1. La influencia de Poe en el cambio de siglo
Del mismo modo que, en décadas anteriores, la narrativa fantástica
española se ve influida por E. T. A. Hoffmann (Roas, 2002), durante el periodo
finisecular y el Modernismo ésta lleva la impronta de Edgar Allan Poe. Su obra
había empezado a ser traducida al español en 1858 y no tardó en alcanzar un
éxito sin precedentes, en lo que se refiere, claro está, a un autor dedicado a lo
fantástico y terrorífico.1 Su influencia se manifiesta en tres aspectos esenciales: la
intensificación de la cotidianidad, la presencia de lo macabro y el recurso al
cientificismo o, dicho de otro modo, la incorporación de ciertas prácticas
científicas (en especial el magnetismo y la hipnosis) para justificar la irrupción
de lo sobrenatural.
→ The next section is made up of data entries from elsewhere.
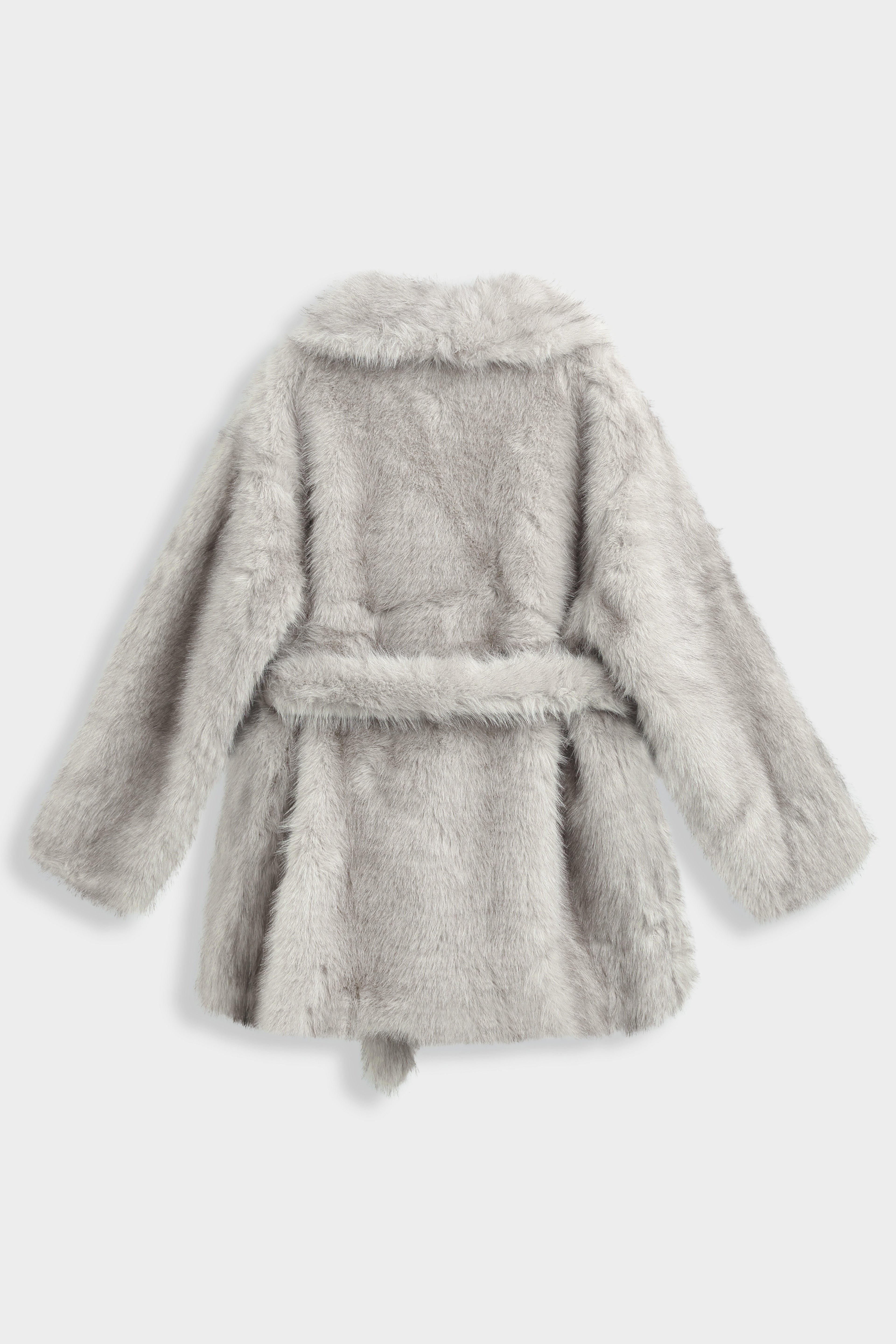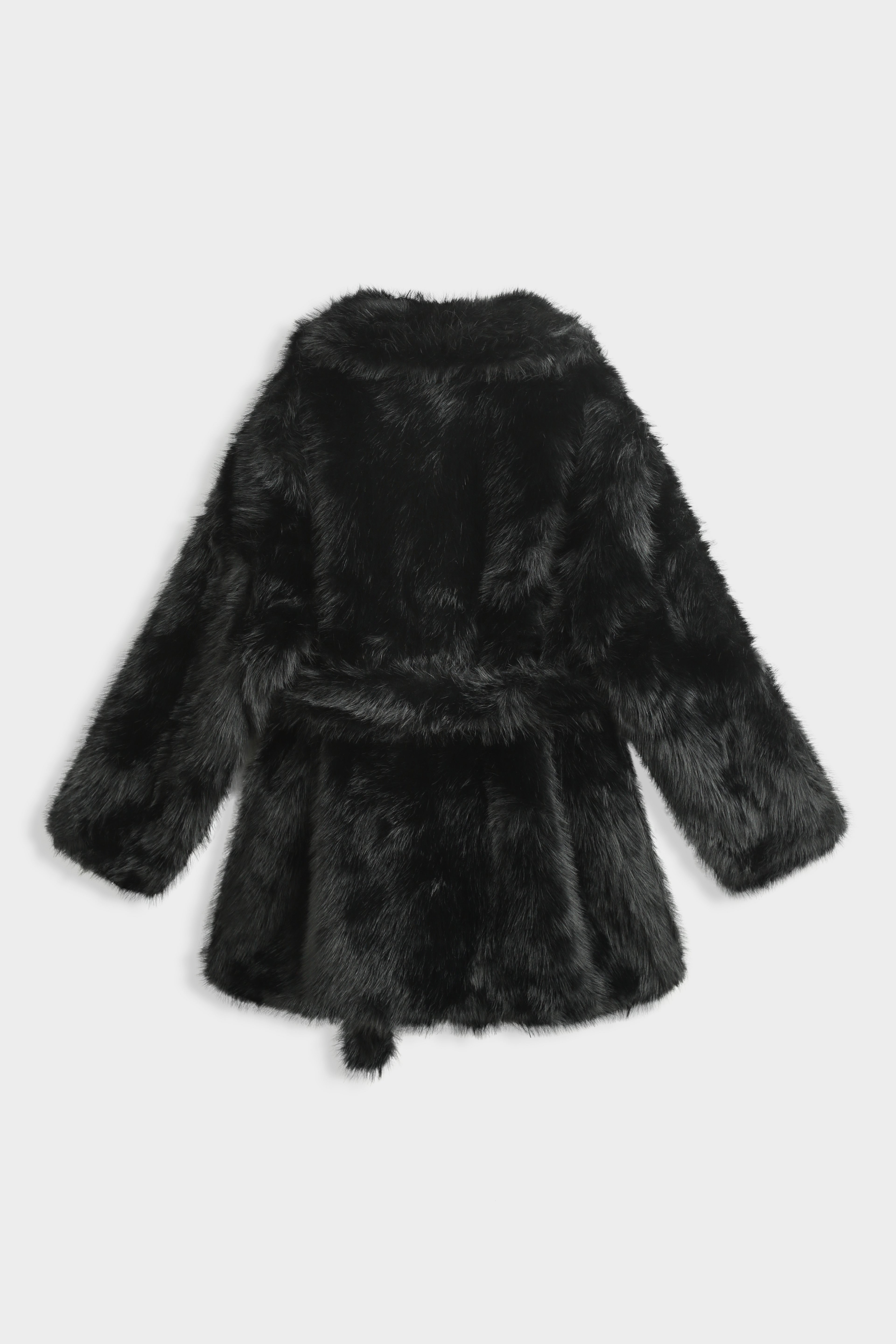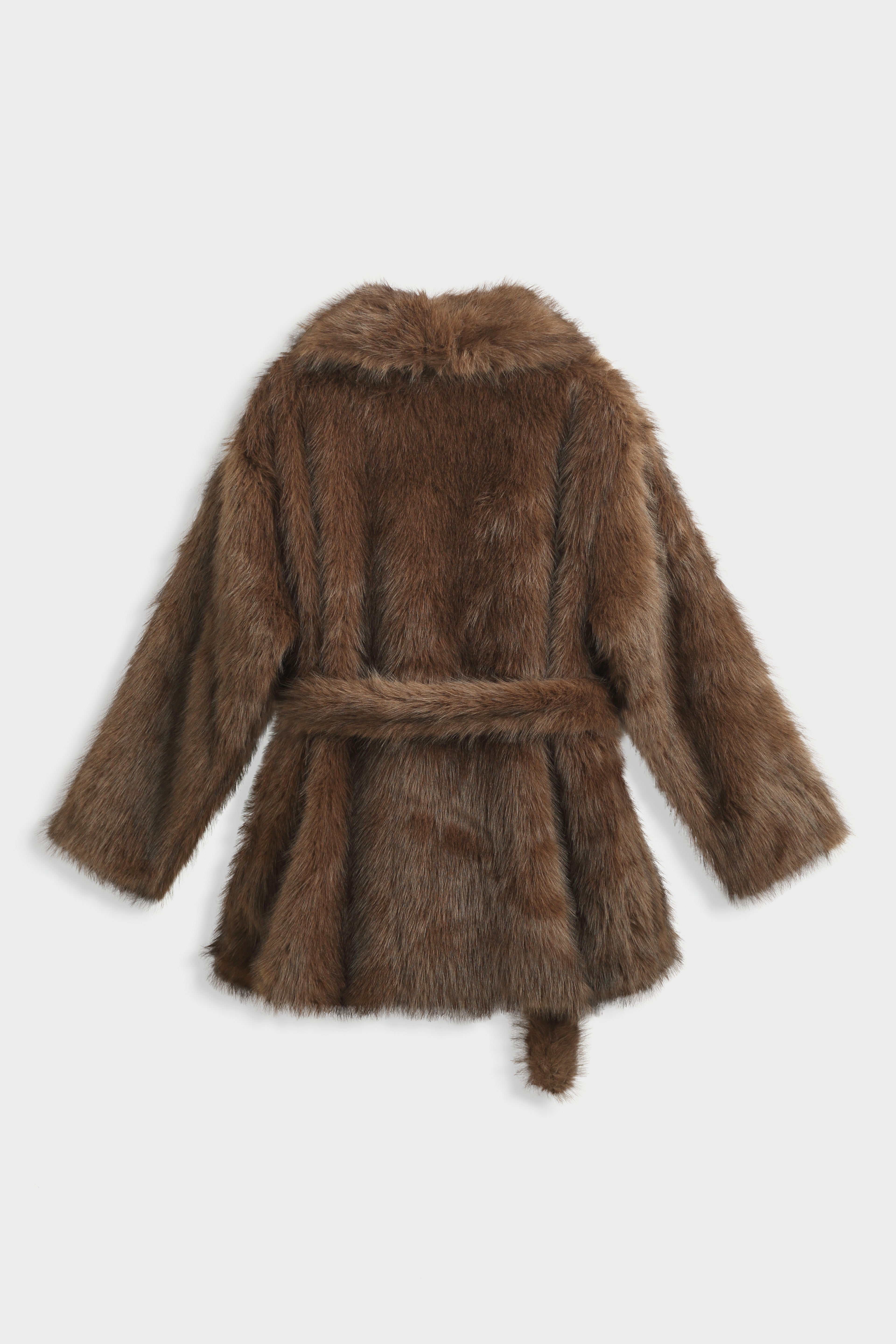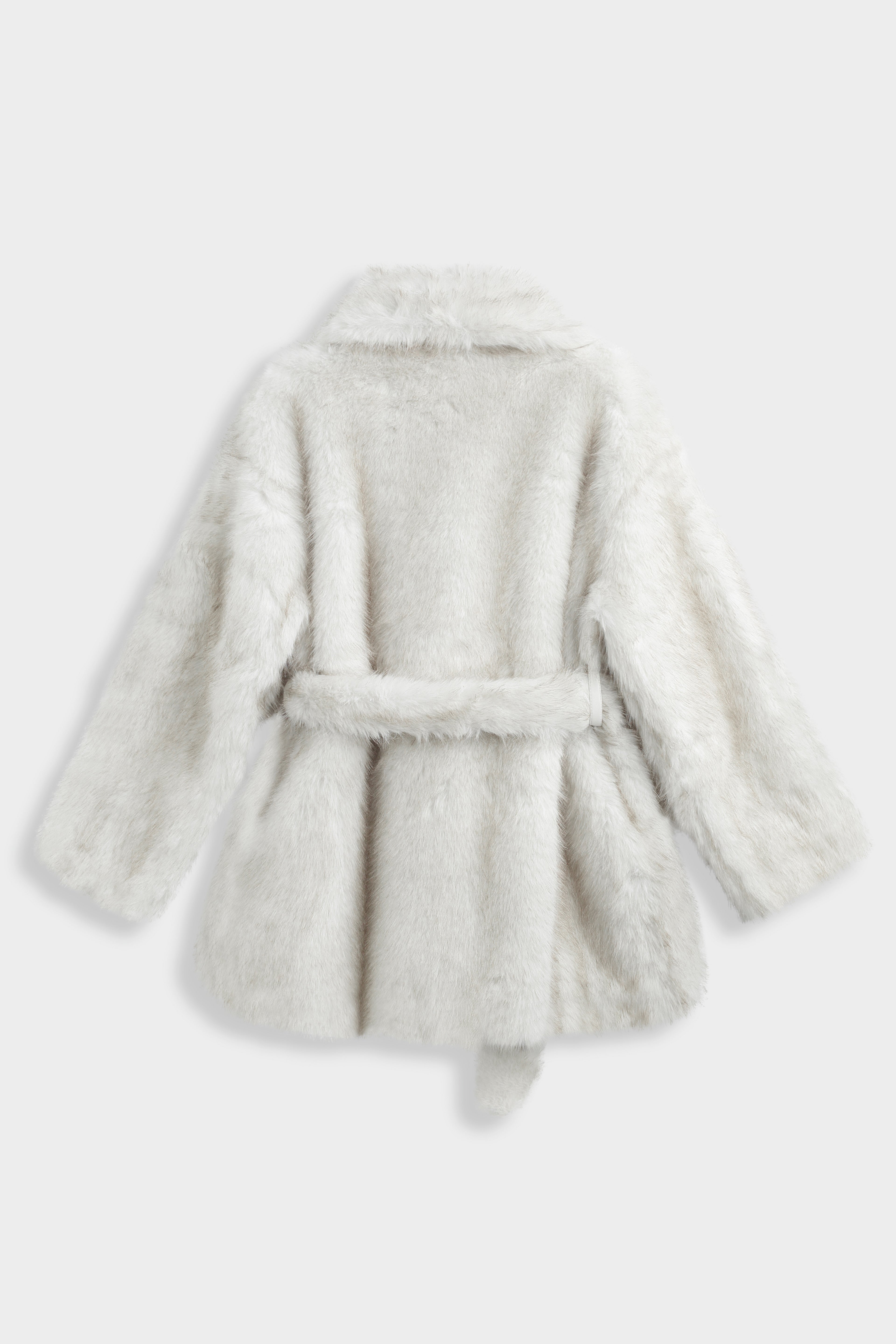 Manteau en fausse fourrure à col châle large. Manches longues droites. Ceinture assortie à nouer à la taille. Poches latérales insérées dans la couture. Doublure intérieure ton sur ton. Longueur mi-cuisse.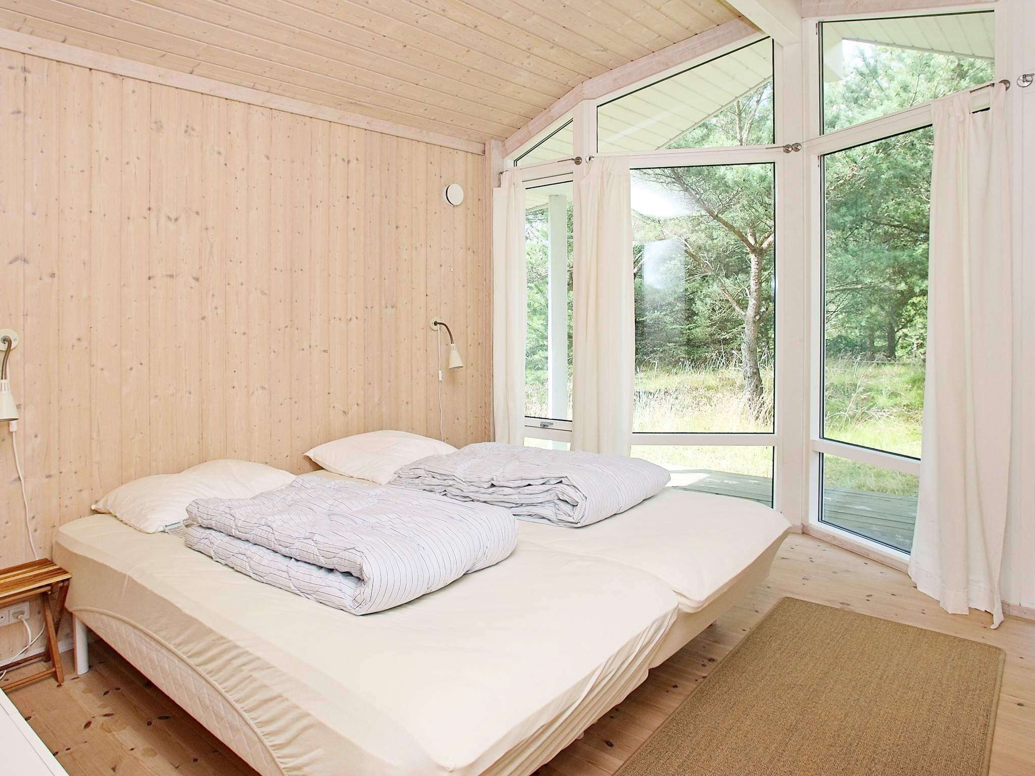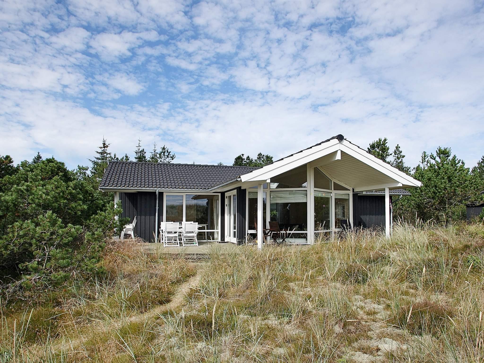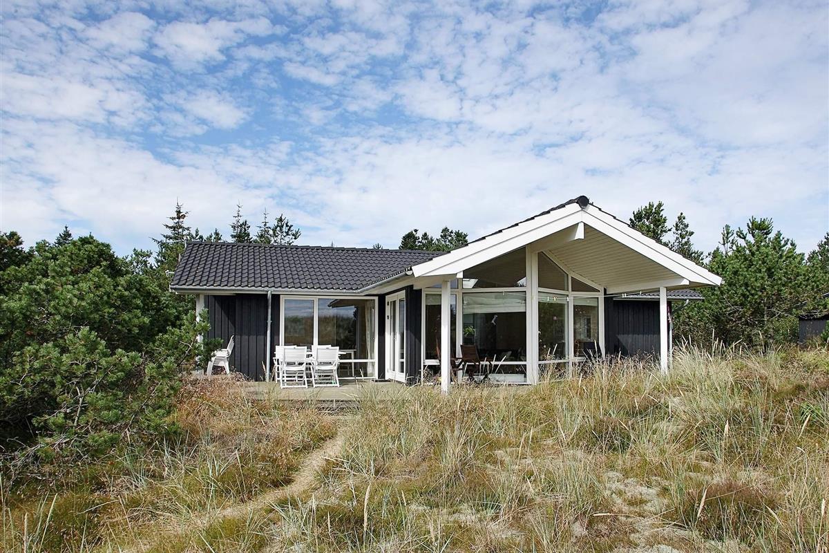 Dieses 2008 gebaute, helle Ferienhaus liegt nur ca. 50 m vom Badestrand entfernt und besitzt einen Eingangsbereich mit einer kleinen Waschküche, zwei Zimmer und ein Badezimmer. Außerdem gibt es einen Schlafboden mit zwei zusätzlichen Schlafplätzen für Kinder, ein Badezimmer mit Whirlpool und einen großen Küchen-/Aufenthaltsbereich mit Blick auf das Strandgrundstück und die Dünen. Die Fenster sorgen für einen guten Lichteinfall. Das Haus liegt in 1. Reihe auf einem 2700 m² großen, abgeschirmten Dünen-/Strandgrundstück, von wo aus ein eigener Weg direkt an den Strand führt. Eine Terrasse geht um das Haus herum und lädt zu gemütlichen Sonnenstunden ein.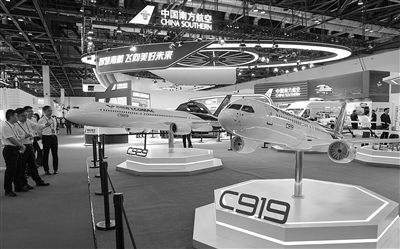 5月26日,参观者在第三届民航科教创新成果展的中国商飞展区参观。当日,以“创新领航 智连世界”为主题的第三届民航科教创新成果展在北京国家会议中心开幕。展览展出面积2.2万平方米,由100余家参展单位组成七大特色展区,聚焦教育、科技、人才三大领域,集中展示我国民航自主创新技术和国产民机、无人机等先进制造技术成果。新华社记者 鞠焕宗 摄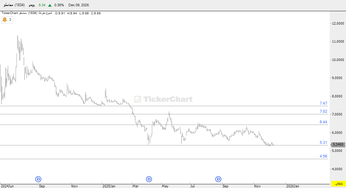 5. ‏سهم سماسكو يسجل أدنى سعر منذ الإدراج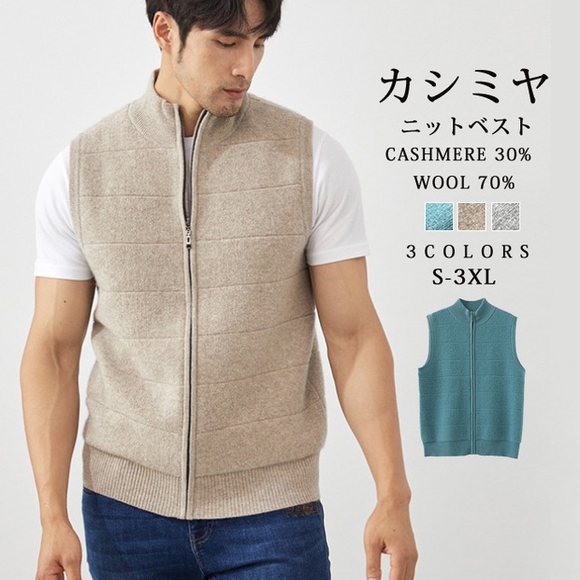 カシミヤ ベスト セーター メンズ カシミヤ入り ウール ベスト ジップアップ ニット ジップアップセーター ニットブルゾン トップス 大人 シンプル おしゃれ 軽い 無地 秋 冬 春 冷え取り 普段着 ゴルフ プレゼント ギフト 送料無料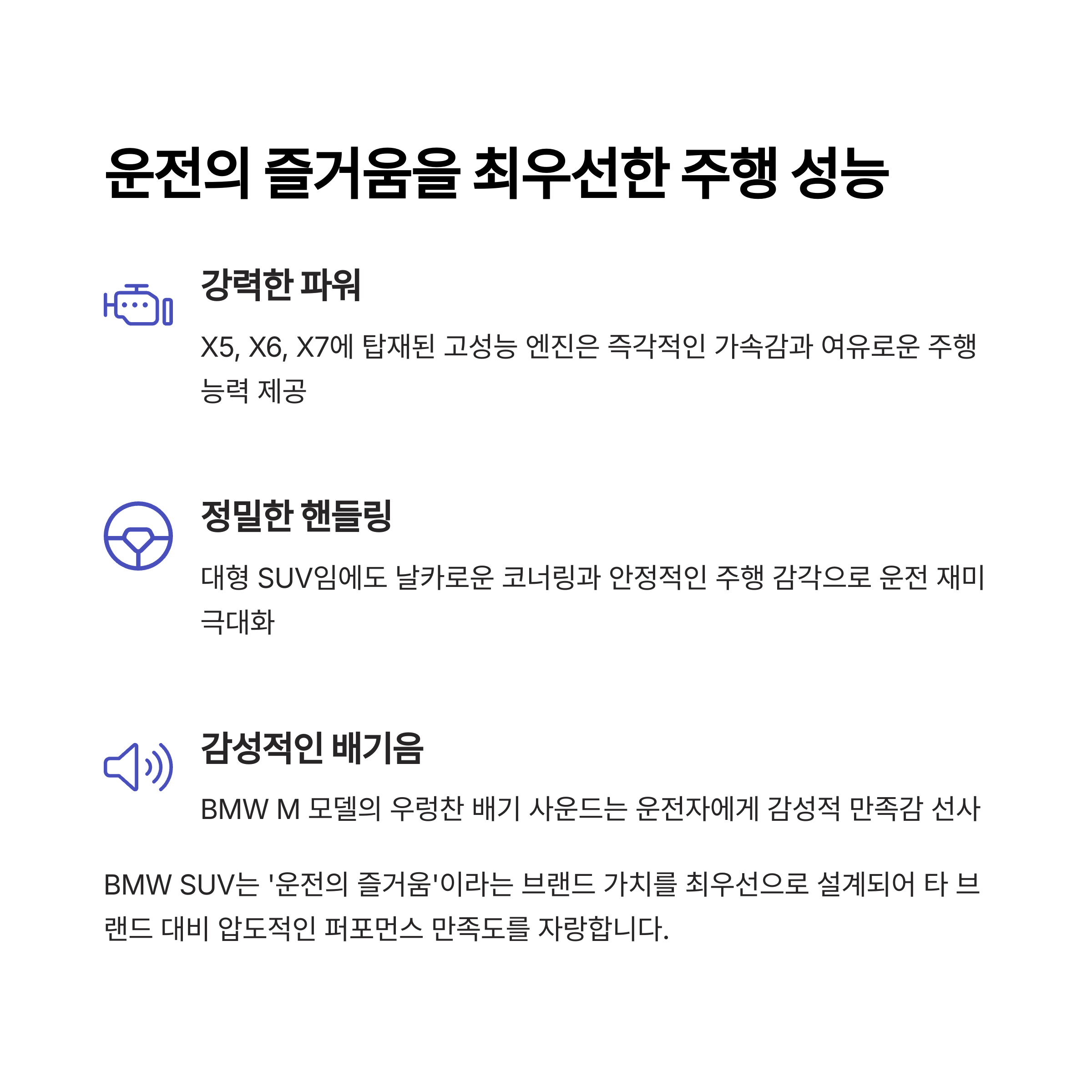 BMW는 SUV 라인업 전체에 일관된 주행 철학과 브랜드 감성을 반영하며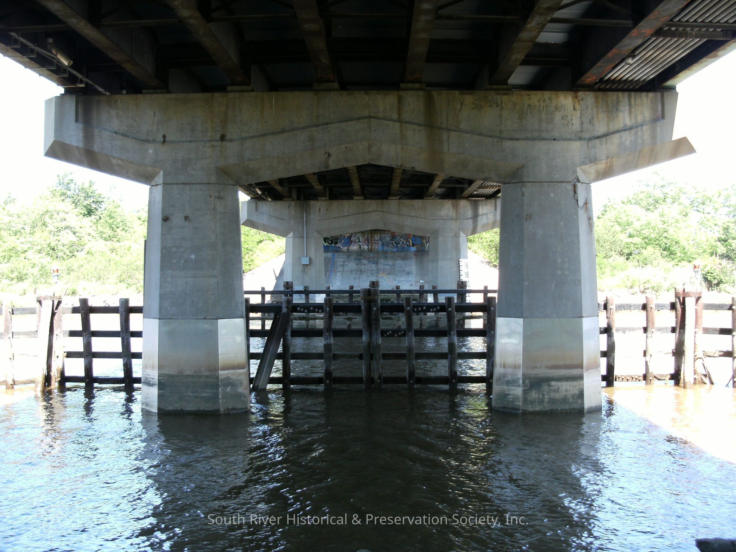 Digital color photograph taken under the Veterans Memorial Bridge looking toward the Sayreville side of the river. The bridge supports are visible along with some of the graffiti

Aunque ello no debe entenderse como una racionalización
de los fenómenos insólitos —pues supondría la eliminación del efecto
fantástico—, sino como un recurso más para intensificar la verosimilitud, para
hacer creíble la historia a un lector que cada vez conoce mejor el género y, por
tanto, al que cada vez resulta más difícil impresionar.2 Así sucede en algunas
narraciones de José Fernández Bremón, Rafael Comenge, Nilo María Fabra,
Justo Sanjurjo, o, ya más cerca de la sensibilidad modernista, de Ángeles
Vicente y Salvador Rueda.
La experimentación científica, de la que se desprende lo fantástico,
conforman el argumento de «Los buitres» y «Cuento absurdo» (ambos en Los
buitres, 1908), de Ángeles Vicente, una autora casi desconocida en la actualidad
1 Sus cuentos fantásticos se tradujeron en Madrid en 1858 con el título Historias extraordinarias a partir de la traducción francesa de Charles Baudelaire, aunque, en realidad, el primer texto de Poe que se tradujo al castellano fue «La semana de los tres domingos», cuento humorístico de 1841 que apareció el 15 de febrero de 1857 en la revista El Museo Universal (Roas, 2006: 146-147). 2 Este interés por la ciencia —no hay que olvidar que estamos en plena efervescencia del pensamiento positivista— justifica la aparición en esos años de un nuevo género literario que también juega con los límites de lo posible, aunque su efecto nada tenga que ver con lo fantástico: la ciencia-ficción. Acerca de los inicios del género en España véase Nil Santiáñez (1995) y, con relación a la historia del género en nuestro país a lo largo del siglo XX, el trabajo colectivo de VV.AA. (2002).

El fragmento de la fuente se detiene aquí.